I love this thread! I think the name game is SO interesting -- especially for dogs! Acadia (we call her Cadi -- sounds like Katie) was named for Acadia National Park in Maine. We were between that and Chelsea… I also really liked Sage but now I know that Cadi is definitely NOT a Sage. And most of the time people who meet her think I'm saying Katie, but it's all good!


----------



## Martin (Feb 21, 2011)

I picked "definitely" because I was thinking about Dolce. I didn't like her original name at all. "Dolce" means "sweet" in Italian, and she's very, very sweet.
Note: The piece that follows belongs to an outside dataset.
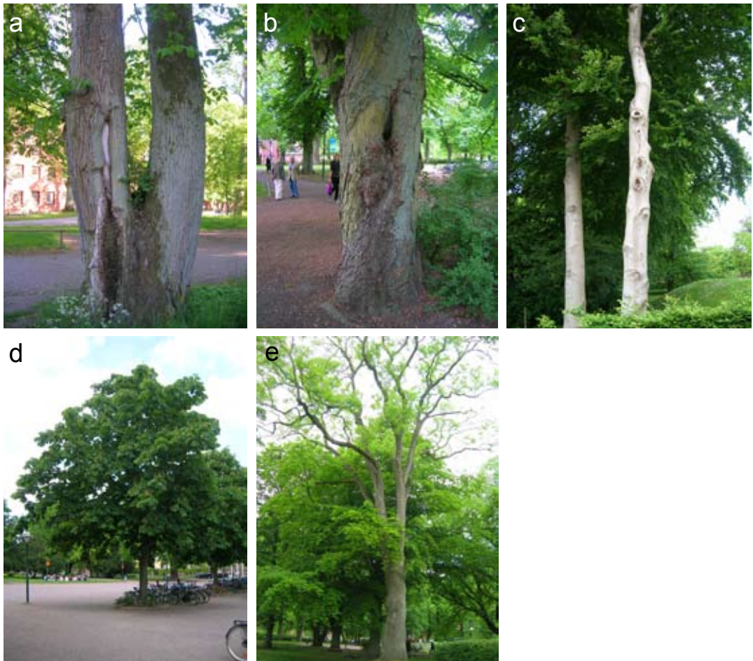
Figur 1. Träd av a) klass I-typ, b) Klass II-typ, c) Klass III-typ, d) Klass IV-typ och e) klass R-typ. a) En alm i UB-parken i Lund med stort savflöde och medelstort barklöst parti (nr. 118 i Fig. 2). Här hittades t.ex. Nosodendron fasciculare (Oliv.), Prionocyphon serricornis (Müll.), Quedius truncicola F. & L., Phloeophagus thomsoni (Grill), Trinodes hirtus (F.), Brachyopa insensilis Coll., Mallota cimbiciformis (Fall.) och Aulacigaster leucopez (Meig.); – b) Hästkastanj i UB-parken i Lund med stort, vattenfyllt grenhål (nr. 61 i Fig.2) där bl.a. Prionocyphon serricornis är vanlig; – c) Bok vid en bilparkering i utkanten av Tunaparken i Lund med begynnande stamhåligheter och flera små grenhål. Här kan man förvänta sig Prionychus ater (F.) Mycetochara linearis (Ill.) och andra vanliga hålträdsarter; – d) Hästkastanj av yngre årsklass i Lunda gård, Lund som saknar rödlistade vedinsekter; – e) Mogen och till synes frisk och oskadad ask i UB-parken i Lund. Trädet ser instabilt ut och kommer sannolikt snart att knäckas i någon storm. En viktig framtida resurs för vedinsekter.

Examples of trees of a) class I, b) class II, c) class III, d) class IV and e) class R (= resource). – a) Mature Ulmus glabra with large sap-run and moderate-sized area of exposed wood. Typical saproxylic species are Nosodendron fasciculare (Oliv.), Prionocyphon serricornis (Müll.), Quedius truncicola F.&L., Phloeophagus thomsoni (Grill), Trinodes hirtus (F.), Brachyopa insensilis Coll., Mallota cimbiciformis (Fall.) and Aulacigaster leucopez (Meig.). – b) Mature Aesculus hippocastani with large water-filled rot-hole. Plenty of larvae of Prionocyphon serricornis present. – c) Fagus sylvatica with shallow rot-holes. Common saproxylics like Prionychus ater (F.) and Mycetochara linearis (Ill.) may be expected to occur. – d) Young Aesculus hippocastani in. Redlisted insects are absent. – e) Mature, healthy Fraxinus excelsior in Lunda gård, for the moment lacking decaying wood but expected to develop such within 20-100 years from now. These kinds of 'resource trees' are extremely important as a future resource for redlisted saproxylic insects.

She's also cute, and the German word "süß" means both sweet and cute ("Dolce" doesn't mean cute in Italian, though - it's just gets that extra meaning because she's in a German family).
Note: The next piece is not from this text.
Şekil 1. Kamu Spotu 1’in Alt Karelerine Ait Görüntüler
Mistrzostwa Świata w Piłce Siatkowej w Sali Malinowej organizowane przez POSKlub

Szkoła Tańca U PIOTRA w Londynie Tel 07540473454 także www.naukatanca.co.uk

Lupita came with a different name: Scheusal. That's a pretty bad insult in German, so we didn't keep it. Lupita means little/dear wolf in Spanish, and I think it fit her okay. The letters can be rearranged to "Tail-up," which fit her perfectly until she was quite old: suddenly her tail was tucked up to her stomach all the time rather than curled above her back.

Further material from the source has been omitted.